He lifted Evering’s paper again, this time trying to create in his mind a dialogue with the scholar about his comet, like those Duncan had conducted with his medical professors in his prior life. Evering had been a man of science, and Duncan probably had more scientific training than any other man on board. The professor would open his journal and show the other pages of notes and maps; he would speak of the old records he had found that supported his predictions about the comet; he would—
Duncan suddenly closed his hand around the paper and grinned. It wasn’t the comet.
Heed how Evering explains his comet,
Adam had said.
The journal.
Adam would know Evering would inevitably show him the journal. And in the journal would lie other secrets. It wasn’t what the comet meant that mattered, but what was with the comet, the other pages inscribed during the past few weeks.
Food came twice a day, consisting each time of one of the small loaves, hard as planks, or a square of the worm-pocked ship’s biscuit, sometimes with a spoiled apple or scrap of salt pork. Duncan slept, warm and dry thanks to the blanket Lister had provided, futilely trying every few hours to engage Flora in conversation. The madwoman acknowledged him only with her unintelligible chants. “Take the skin you are,” she blurted out once, like a cry of pain, the only English words she had uttered since Duncan’s first hours in the cell. Her speech had become hollow and slow, sometimes slurred, as if she were distracted, even drunk, all proof that if she were not
already mad, she was quickly progressing to madness. Sometimes, without speaking, she thrust her arm out and flailed the air, clutching his fingertips when he responded with his own hand. Each time, they stayed locked in the strange intimacy for several minutes, listening to each other breathe, never seeing each other’s face. The few times Duncan tried to speak while holding her fingers she always withdrew. Flora had killed her child, and whether she had known before, Arnold had made it clear that she was going to a certain, agonizing death. Duncan recognized the symptoms even through the darkness. She had already started her dying, the gradual, agonizing way that Adam Munroe had died.
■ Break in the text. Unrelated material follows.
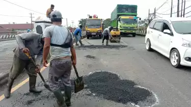 Pekalongan, Jawa Tengah - Satker Pelaksana Jalan Nasional Wilayah I Jawa Tengah akhirnya melakukan penambalan lubang jalan di jalur pantura ruas Pemalang-Batang. Banyak lubang di jalur pantura yang menyebabkan kecelakaan pengendara sehingga menjadi sorotan masyarakat.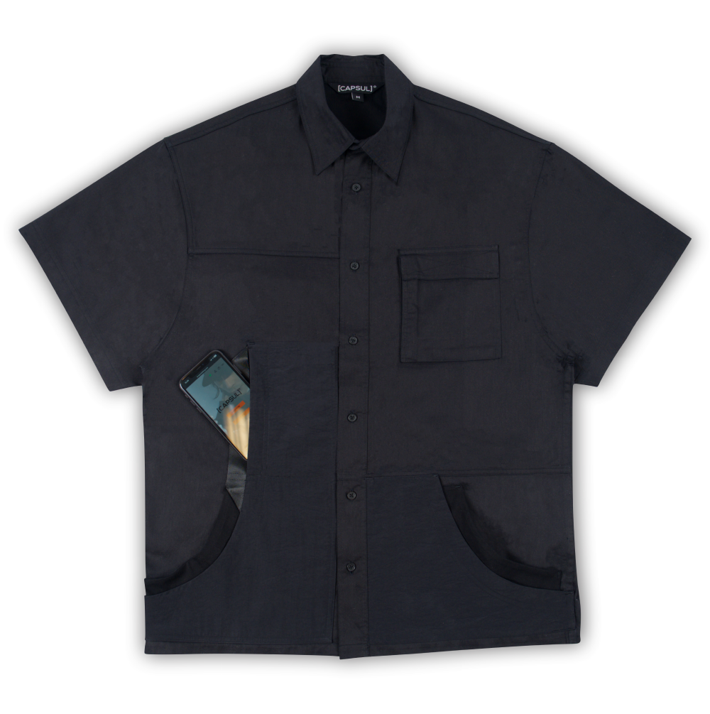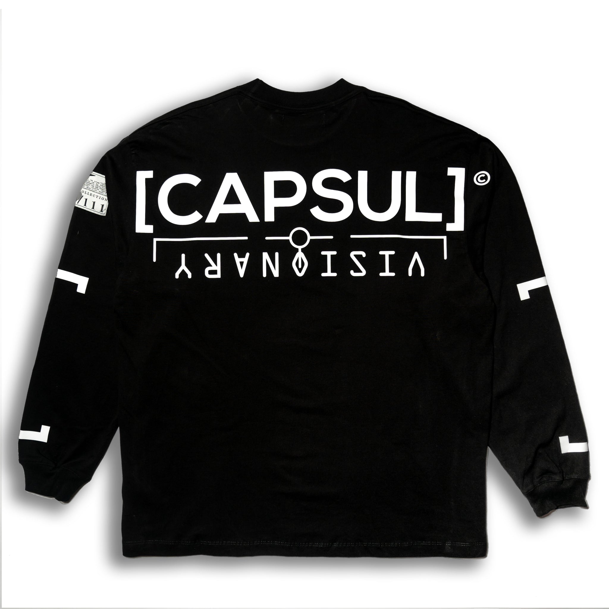[CAPSUL]©️ VISIONARY Q.R CODED OVERSIZED SHORT SLEEVE BLACK PREMIUM T-SHIRT

He was sleeping when they came for him again. Arnold left his cell door open as he walked back to the table in the entryway. As Duncan warily approached the table, Woolford appeared from the shadows. The officer absently gestured to a pewter plate at the edge of the table bearing slices of bread and mutton, his gaze locked on two letters in the center of the table. Duncan stared at the plate. He had eaten no fresh meat, no real bread, for months.
“There were more than twenty letters from the prisoners, several written by Evering over another’s name,” Arnold explained as Duncan stuffed a piece of meat into his mouth. “Mostly the ramblings of lonely men, asking for forgiveness, offering harmless lies to convince family not to worry. Some pleas to fund barristers for appeals. These two,” he said, pointing to the center of the table, “cannot be so easily dismissed.” He spread the open envelopes over the table. Evering had affixed wax seals to them, which had been opened by a clumsy trick, slicing away the seal with a hot blade, to be later closed with a larger dollop of hot wax over the original seal.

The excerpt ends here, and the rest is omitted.